La iniciativa de Hamida Begun fue de una trascendencia fundamental en este tipo de programas arquitectónicos, ya que de ahí se generó todo un conjunto dedicado a los cenotafios de personajes importantes y, posteriormente, se desarrollaron otros tantos en distintas ciudades, entre los que destaca el renombrado Taj Mahal.

Así, la arquitectura monumental Mogul transita entre ciudades fortificadas y grandes mausoleos ajardinados.

Al recinto se accede a través de un rotundo eje que recorre de poniente a oriente una primer secuencia de jardines, contenidos entre altos muros de piedra donde, vigilantes, reposan los restos de algunos servidores importantes formando ejes alternativos al norte o al sur. Estas tumbas son ya un pequeño anuncio que antecede al evento principal. Una puerta, terminada en un austero aplanado de cal, marca un primer cambio de escala. Al trascenderla, el eje remata con una segunda y más suntuosa que juega, ya en la perspectiva, con la enorme cúpula que, por lo pronto, en segundo plano focaliza la dirección como un imán de atracción imposible de rehuir. Los materiales comienzan a cobrar otro significado: sillares de cantera gris combinados en detalles de arenisca roja propia de la región tienen la intención de magnificar al protagonista del conjunto.
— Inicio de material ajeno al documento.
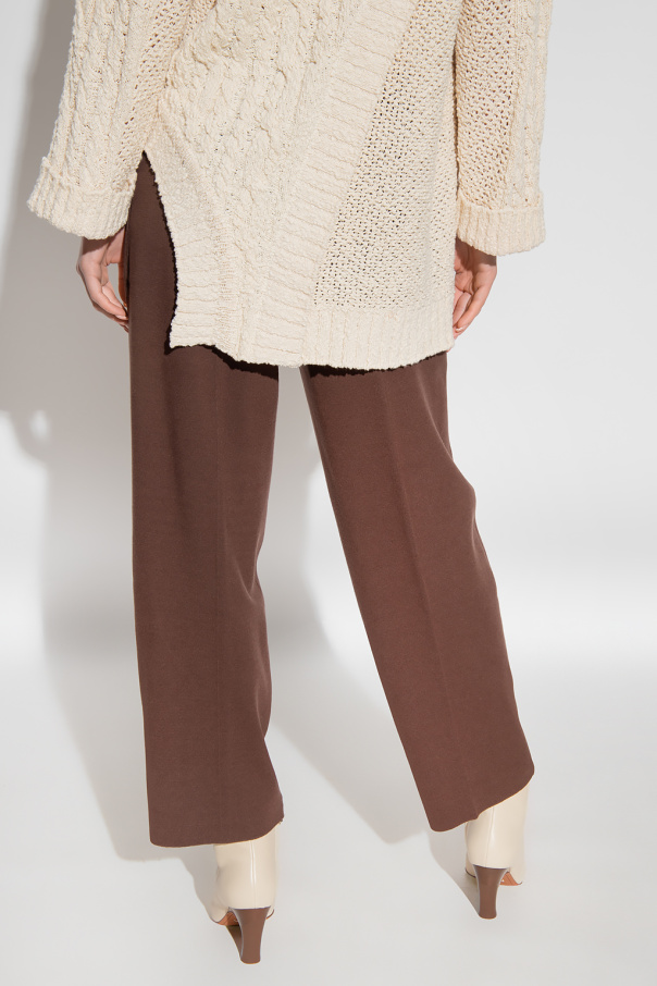 Brown ‘Madeleine’ pleat-front trousers from Aeron. Crafted from material with the FSC certificate, this pair features a relaxed fit, cropped legs and a zip fly with a gold-tone logo button.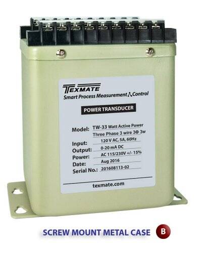 Two case styles provide mounting flexibility. The metal case versions with screw flanges easily attach to a plate or panel, Two plastic case sizes mount on a 35mm DIN rail. All Texmate transducers offer 2kV isolation and high immunity to external noise. Standard accuracy is ±0.2%, with ±0.1% also available. In addition to the standard input/output ranges shown below, custom ranges can be special ordered.

Al pie de la segunda puerta, de geometría abocinada, desaparece el segundo plano de la cúpula, pues es necesario volver a cambiar la escala, y sólo escondiéndola podremos recuperar el impacto de su verdadera magnitud. El gran muro  hace que la forma se aligere, se fracture con perforaciones arcadas y detallados balcones: no es una puerta defensiva, es una puerta ritual. Al pasar por ella, un recinto en penumbra terminará de hacer el efecto de escala requerido. El arco que nos permite salir del recinto y entrar al jardín principal se convierte en un marco tras el cual, bañado en luz, se manifiesta el gran mausoleo.
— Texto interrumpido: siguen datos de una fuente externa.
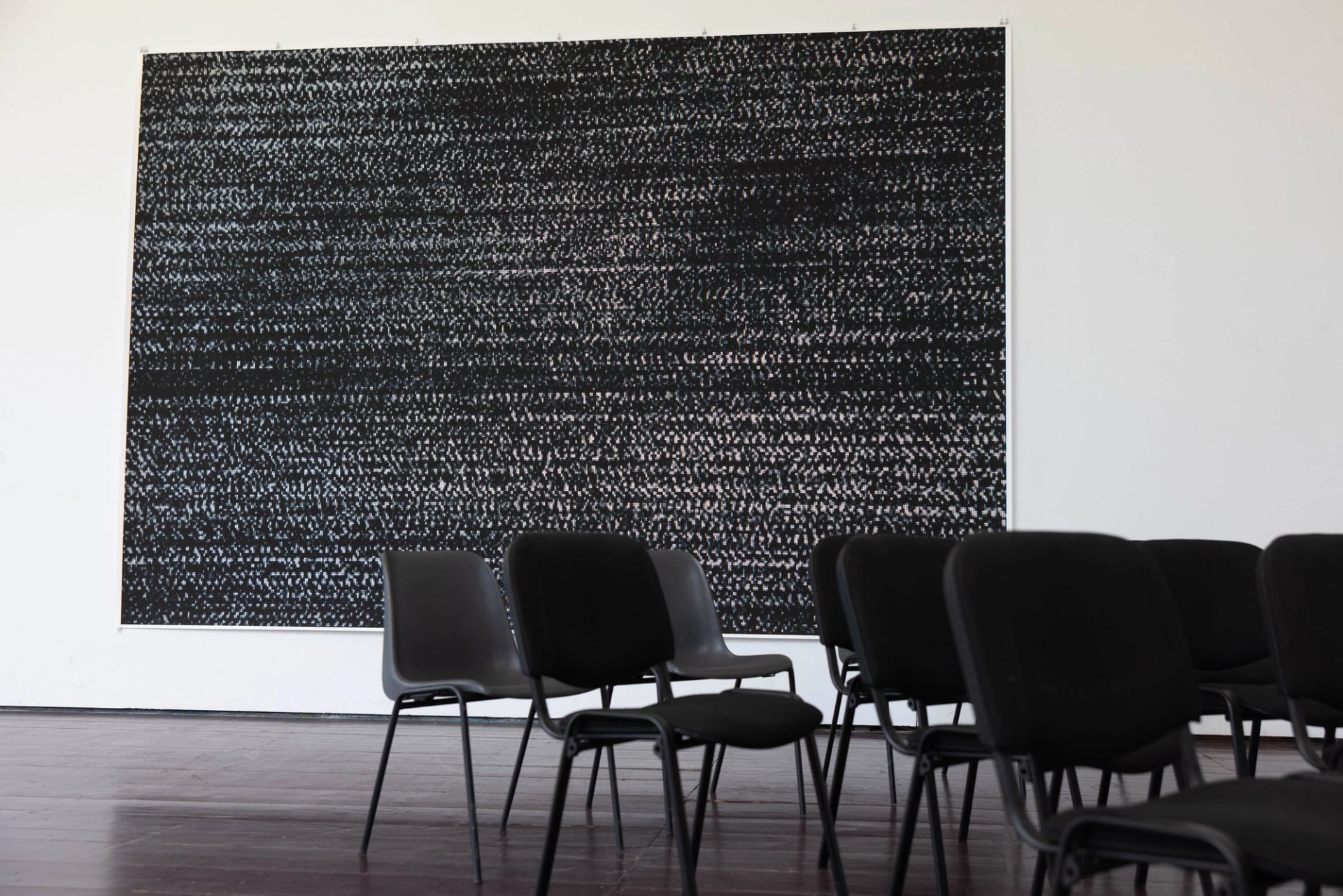 Prouvost's five-part video installation is shown on TV monitors that are covered with cloth or turned towards the floor or wall so that they’re nearly impossible to view, suggesting something unwatchable or intentionally obscured. Tillmans presents a large 2014 inkjet print depicting what looks like television static, while also giving space to photojournalist Friedrich Bungert's photos of wounded Ukrainian fighters.

Como si fuera el centro de un universo propio, la enorme tumba se convierte en el generador de un trazo donde la geometría es rigurosa, marcada por canales de agua y fuentes que bañan los jardines como si estos fueran un oasis en un desierto imaginario, memoria quizá de otros territorios menos fértiles del gran imperio. El volumen, construido con base en sillares de arenisca roja y mármol, como casi toda la arquitectura monumental de la región que caracteriza esta parte de la arquitectura Mogul, se sustenta con un basamento donde están las tumbas reales, y está rodeado por una arcada perimetral. Sólo uno de los arcos en cada fachada tiene trascendencia hacia una escalinata que permite acceder al siguiente nivel. Una vez ahí, también en simetría rigurosa, se abren enormes los accesos al interior ceremonial. Celosías labradas juegan el juego de la luz y la sombra en variables geométricas interminables.
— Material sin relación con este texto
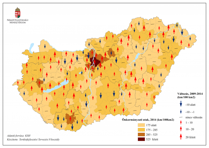 • Önkormányzati belterületi utak kiépítettsége (2014) és változása (2009-2014)

La perfecta simetría de todo el conjunto sólo es alterada por la curiosa posición, al sur este de la tumba del barbero real que, seguramente como todo buen barbero, habrá sabido ser el gran conversador de las intimidades del monarca, y de ahí que le quisiera junto a él en la otra vida.

La arquitectura es un extraño instrumento capaz de polarizar en belleza los extremos más absurdos que, a lo largo de su historia, se ha empeñado en mantener nuestra especie; se puede materializar con la cotidianidad básica de la vida de una persona: un fogón, un poyo, una ventana y un techo; se puede materializar a través de los egos más desbordados, sustentados en la idea de un amor suntuoso y deificado como en este caso. En los dos extremos, el resultado final puede ser de gran belleza a diferencia las pretensiones que la originan. 

Datado a finales del siglo XVI, el recinto tuvo diversos usos posteriores, pero fue rescatado en los noventas del siglo pasado y actualmente es parte de la lista de Patrimonio Mundial en la UNESCO. La democratización de un Estado, permite eventualmente que aquello que sólo pertenecía a unos cuantos ahora pertenezca a todos.